PROVIDED ENTRIES ->
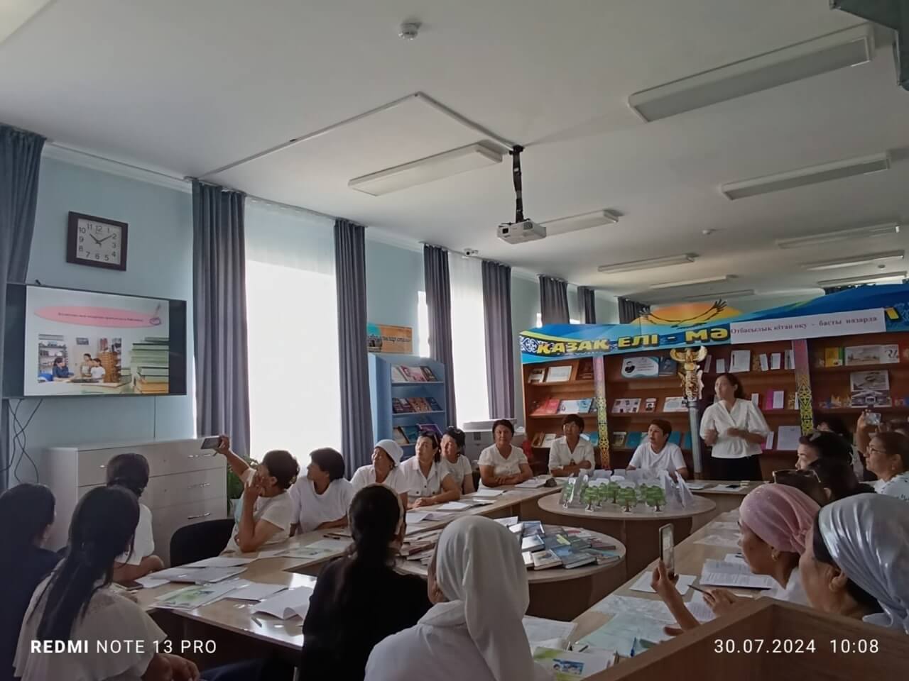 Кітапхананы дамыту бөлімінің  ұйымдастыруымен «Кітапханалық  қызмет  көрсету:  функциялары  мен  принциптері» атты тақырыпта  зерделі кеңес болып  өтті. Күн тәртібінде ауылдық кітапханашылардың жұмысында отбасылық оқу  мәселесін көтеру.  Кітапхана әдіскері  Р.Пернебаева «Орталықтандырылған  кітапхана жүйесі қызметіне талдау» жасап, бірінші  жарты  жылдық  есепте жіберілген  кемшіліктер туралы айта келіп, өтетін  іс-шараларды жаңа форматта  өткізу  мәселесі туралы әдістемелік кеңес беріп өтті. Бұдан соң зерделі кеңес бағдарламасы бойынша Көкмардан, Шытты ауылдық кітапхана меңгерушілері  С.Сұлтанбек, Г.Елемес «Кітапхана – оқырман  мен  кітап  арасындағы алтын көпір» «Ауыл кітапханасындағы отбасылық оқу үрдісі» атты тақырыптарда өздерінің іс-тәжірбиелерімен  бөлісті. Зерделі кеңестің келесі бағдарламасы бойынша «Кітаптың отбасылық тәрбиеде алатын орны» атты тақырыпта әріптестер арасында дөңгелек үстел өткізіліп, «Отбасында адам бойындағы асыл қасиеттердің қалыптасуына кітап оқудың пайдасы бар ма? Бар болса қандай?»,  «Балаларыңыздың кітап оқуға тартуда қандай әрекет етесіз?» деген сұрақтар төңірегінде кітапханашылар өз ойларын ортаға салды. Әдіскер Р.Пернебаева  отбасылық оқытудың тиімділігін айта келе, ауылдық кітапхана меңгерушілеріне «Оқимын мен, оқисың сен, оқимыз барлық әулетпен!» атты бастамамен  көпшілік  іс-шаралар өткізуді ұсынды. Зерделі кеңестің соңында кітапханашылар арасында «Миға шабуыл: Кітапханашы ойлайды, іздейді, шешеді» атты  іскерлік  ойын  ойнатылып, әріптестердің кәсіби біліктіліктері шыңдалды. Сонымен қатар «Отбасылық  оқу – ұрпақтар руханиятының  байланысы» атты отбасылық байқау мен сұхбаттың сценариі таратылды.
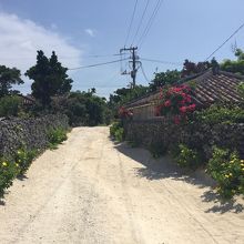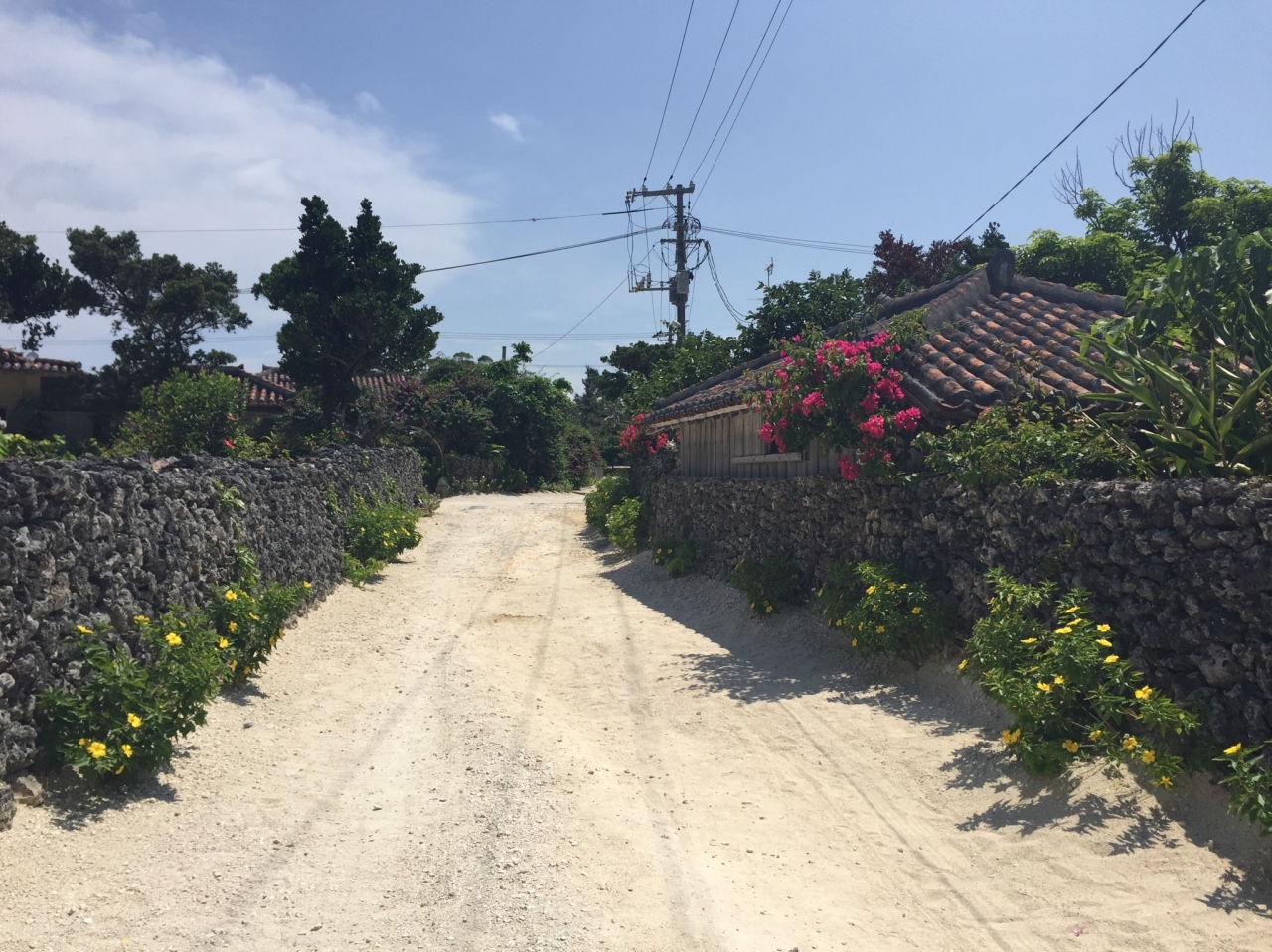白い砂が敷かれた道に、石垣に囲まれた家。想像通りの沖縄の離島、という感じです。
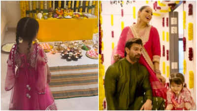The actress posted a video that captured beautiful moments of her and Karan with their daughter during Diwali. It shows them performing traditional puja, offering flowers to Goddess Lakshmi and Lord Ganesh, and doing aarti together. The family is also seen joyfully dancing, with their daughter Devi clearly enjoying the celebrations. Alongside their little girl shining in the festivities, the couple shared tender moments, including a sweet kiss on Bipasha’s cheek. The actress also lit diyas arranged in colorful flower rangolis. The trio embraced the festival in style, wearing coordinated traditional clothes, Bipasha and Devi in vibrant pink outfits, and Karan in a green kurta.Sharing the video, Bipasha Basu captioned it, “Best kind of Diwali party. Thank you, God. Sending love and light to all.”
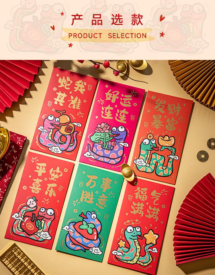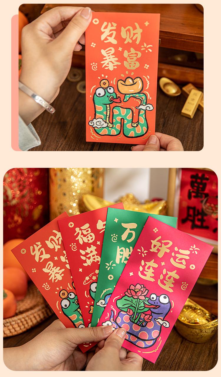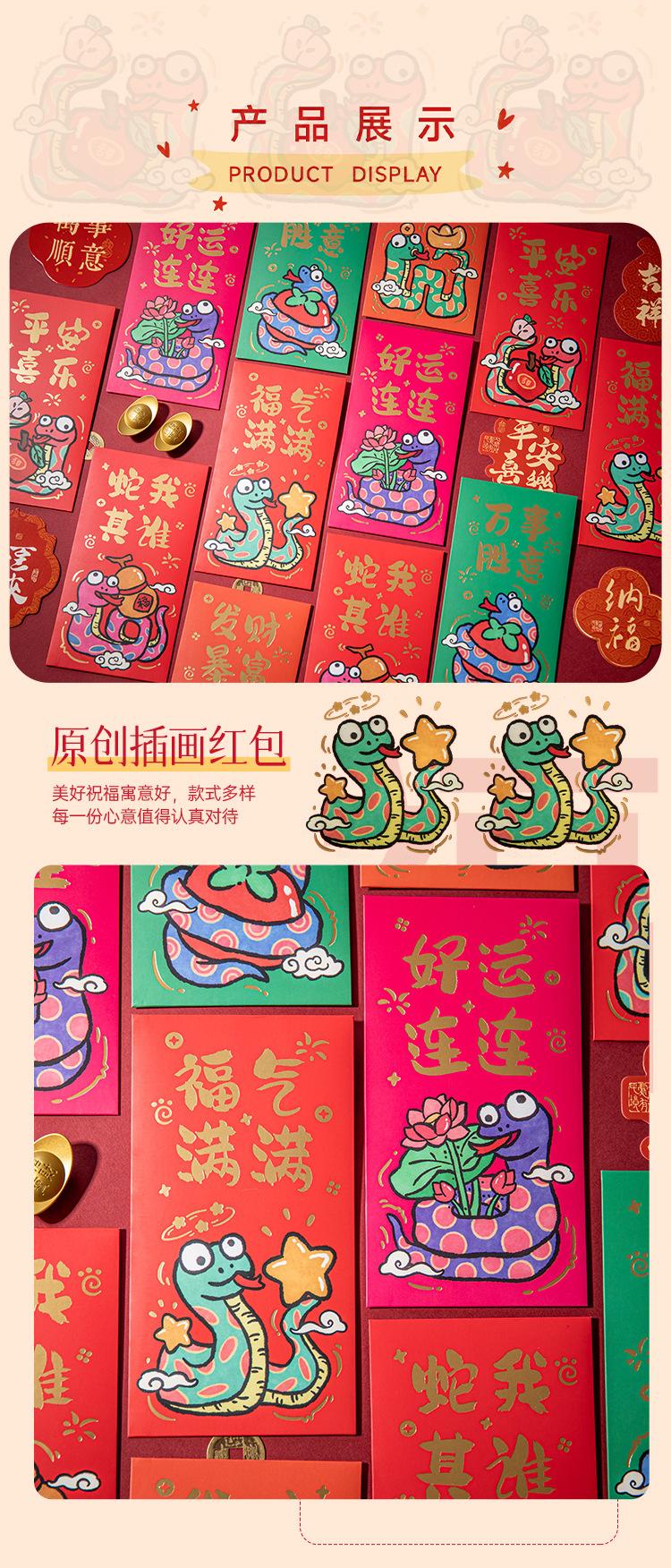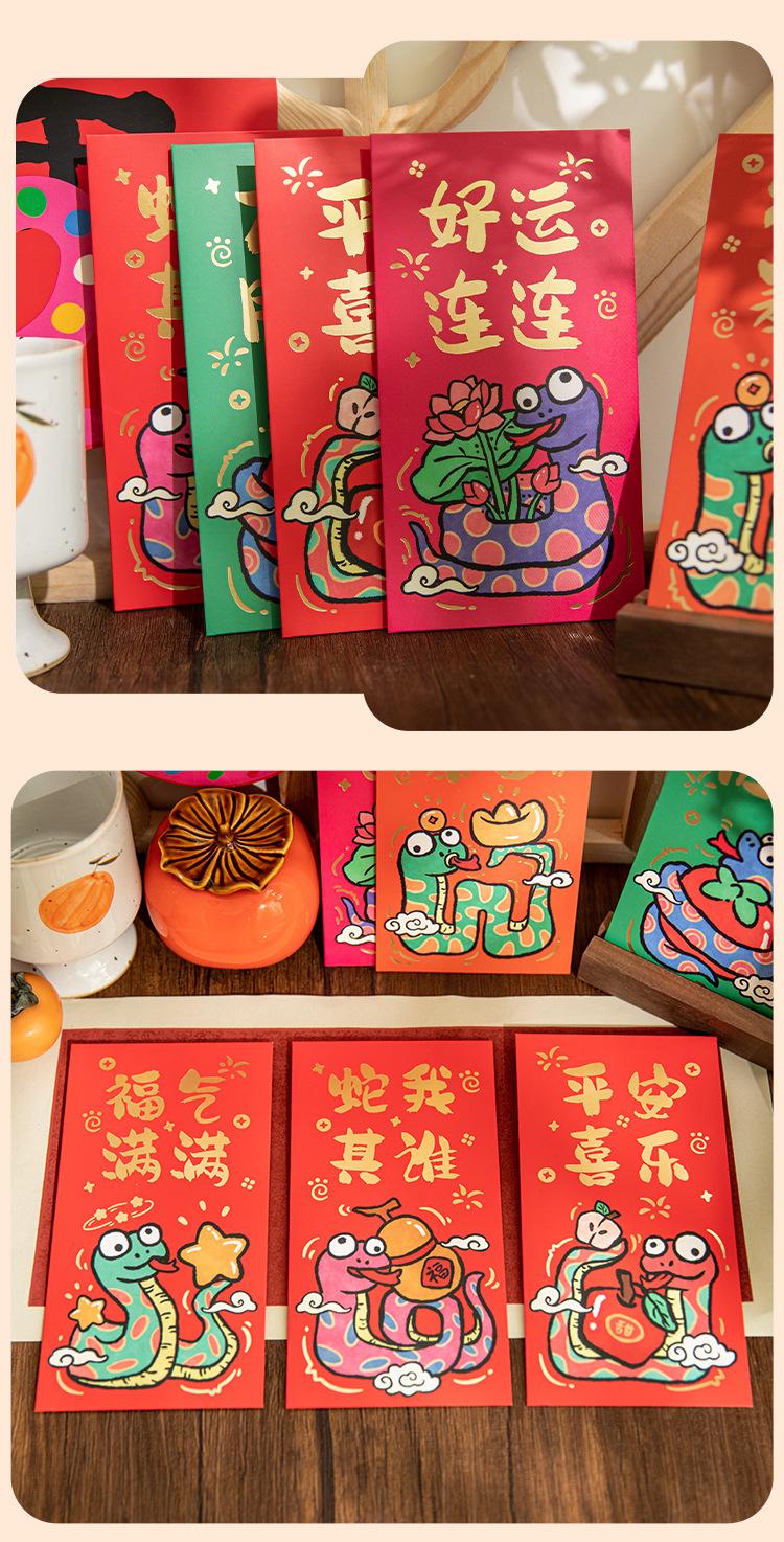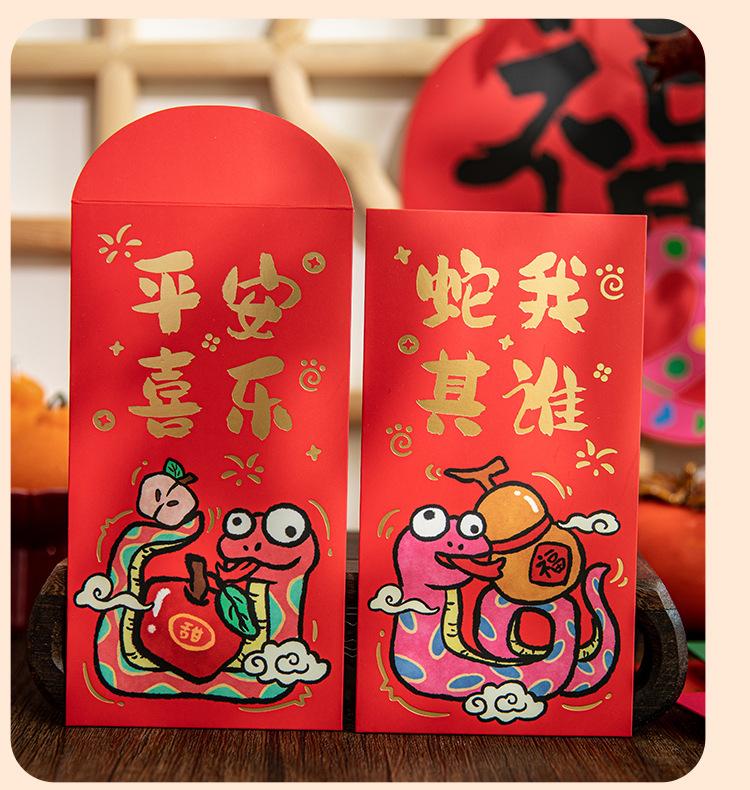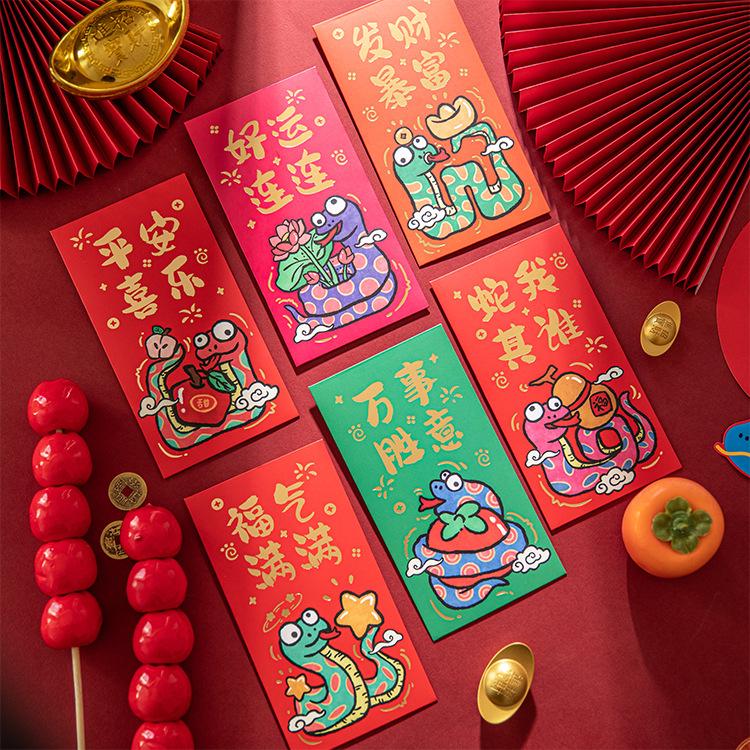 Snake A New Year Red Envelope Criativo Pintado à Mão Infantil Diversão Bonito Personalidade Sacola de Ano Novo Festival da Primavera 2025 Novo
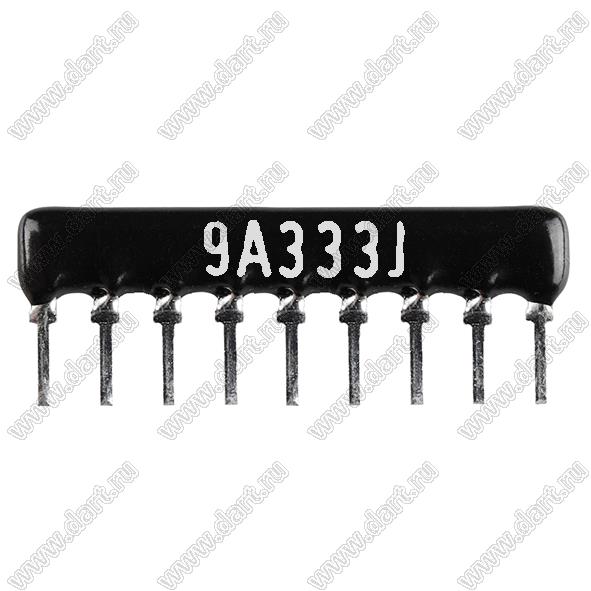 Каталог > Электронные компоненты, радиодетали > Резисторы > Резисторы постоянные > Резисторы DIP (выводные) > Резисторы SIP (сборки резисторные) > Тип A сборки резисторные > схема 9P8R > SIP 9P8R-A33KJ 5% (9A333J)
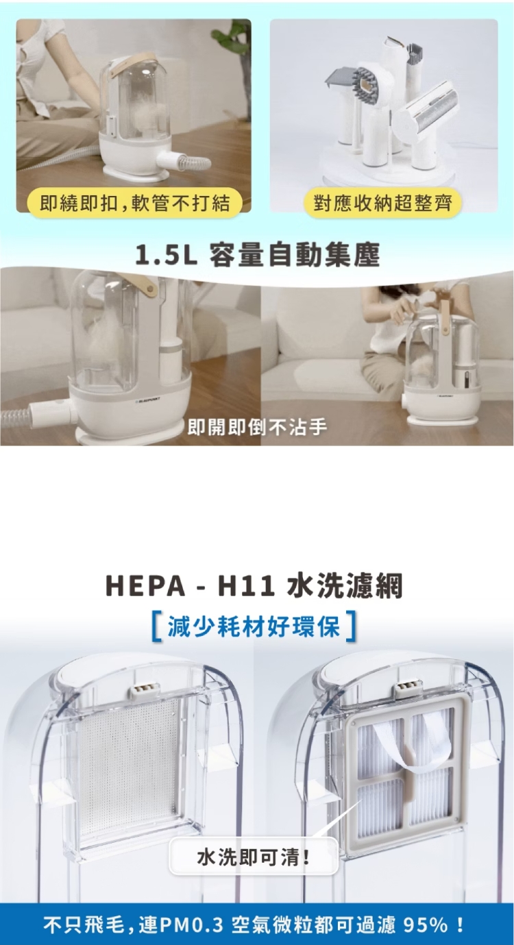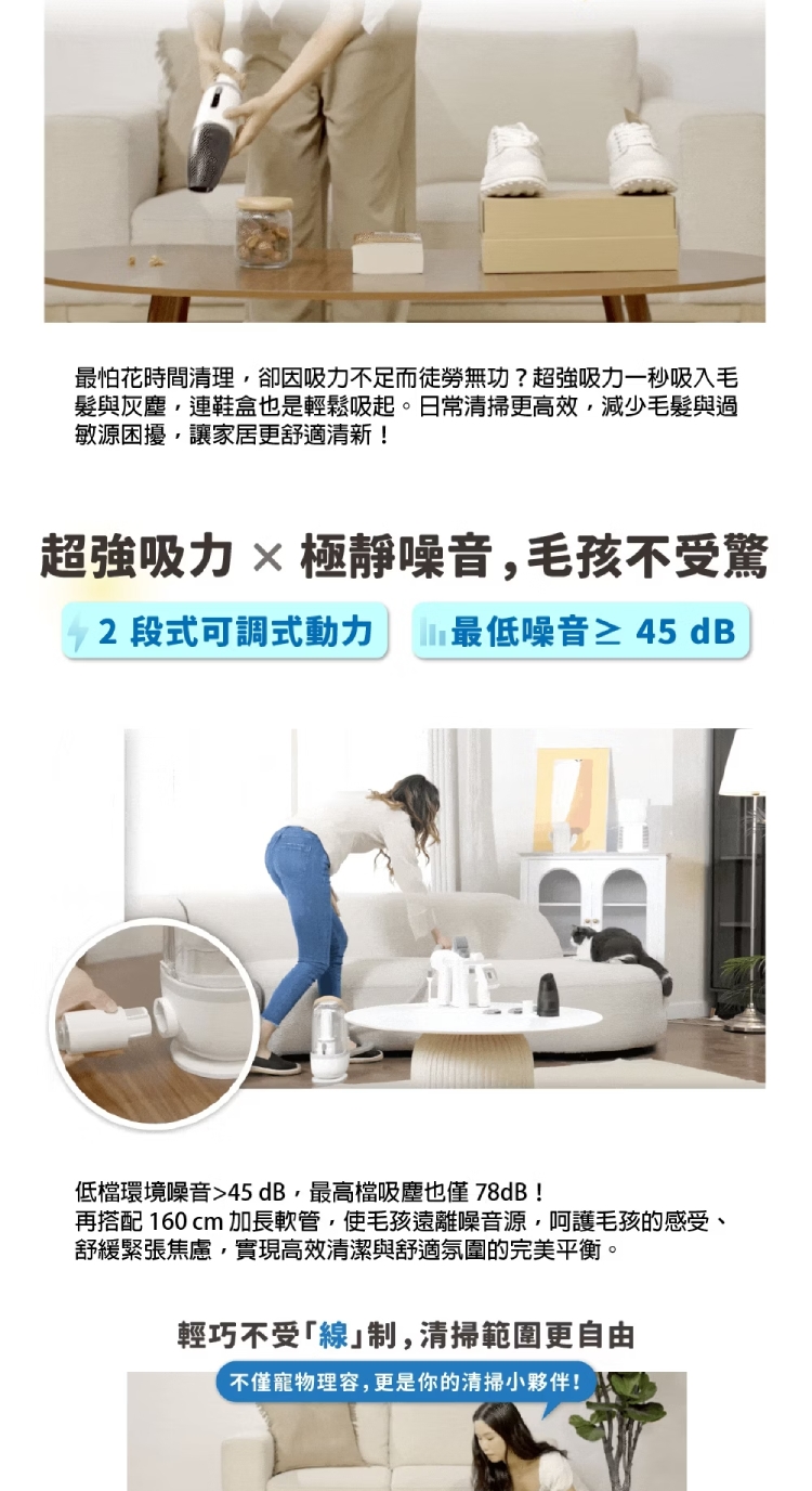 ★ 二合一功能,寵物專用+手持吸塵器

YOUR OBJECTIVE -> In the copy, include each line from the start of the material through the line with "白い砂が敷かれた道に、石垣に囲まれた家。想像通りの沖縄の離島、という感じです。", word for word, but none of the pictures.

COMPLETED TASK ->
 Кітапхананы дамыту бөлімінің  ұйымдастыруымен «Кітапханалық  қызмет  көрсету:  функциялары  мен  принциптері» атты тақырыпта  зерделі кеңес болып  өтті. Күн тәртібінде ауылдық кітапханашылардың жұмысында отбасылық оқу  мәселесін көтеру.  Кітапхана әдіскері  Р.Пернебаева «Орталықтандырылған  кітапхана жүйесі қызметіне талдау» жасап, бірінші  жарты  жылдық  есепте жіберілген  кемшіліктер туралы айта келіп, өтетін  іс-шараларды жаңа форматта  өткізу  мәселесі туралы әдістемелік кеңес беріп өтті. Бұдан соң зерделі кеңес бағдарламасы бойынша Көкмардан, Шытты ауылдық кітапхана меңгерушілері  С.Сұлтанбек, Г.Елемес «Кітапхана – оқырман  мен  кітап  арасындағы алтын көпір» «Ауыл кітапханасындағы отбасылық оқу үрдісі» атты тақырыптарда өздерінің іс-тәжірбиелерімен  бөлісті. Зерделі кеңестің келесі бағдарламасы бойынша «Кітаптың отбасылық тәрбиеде алатын орны» атты тақырыпта әріптестер арасында дөңгелек үстел өткізіліп, «Отбасында адам бойындағы асыл қасиеттердің қалыптасуына кітап оқудың пайдасы бар ма? Бар болса қандай?»,  «Балаларыңыздың кітап оқуға тартуда қандай әрекет етесіз?» деген сұрақтар төңірегінде кітапханашылар өз ойларын ортаға салды. Әдіскер Р.Пернебаева  отбасылық оқытудың тиімділігін айта келе, ауылдық кітапхана меңгерушілеріне «Оқимын мен, оқисың сен, оқимыз барлық әулетпен!» атты бастамамен  көпшілік  іс-шаралар өткізуді ұсынды. Зерделі кеңестің соңында кітапханашылар арасында «Миға шабуыл: Кітапханашы ойлайды, іздейді, шешеді» атты  іскерлік  ойын  ойнатылып, әріптестердің кәсіби біліктіліктері шыңдалды. Сонымен қатар «Отбасылық  оқу – ұрпақтар руханиятының  байланысы» атты отбасылық байқау мен сұхбаттың сценариі таратылды.
白い砂が敷かれた道に、石垣に囲まれた家。想像通りの沖縄の離島、という感じです。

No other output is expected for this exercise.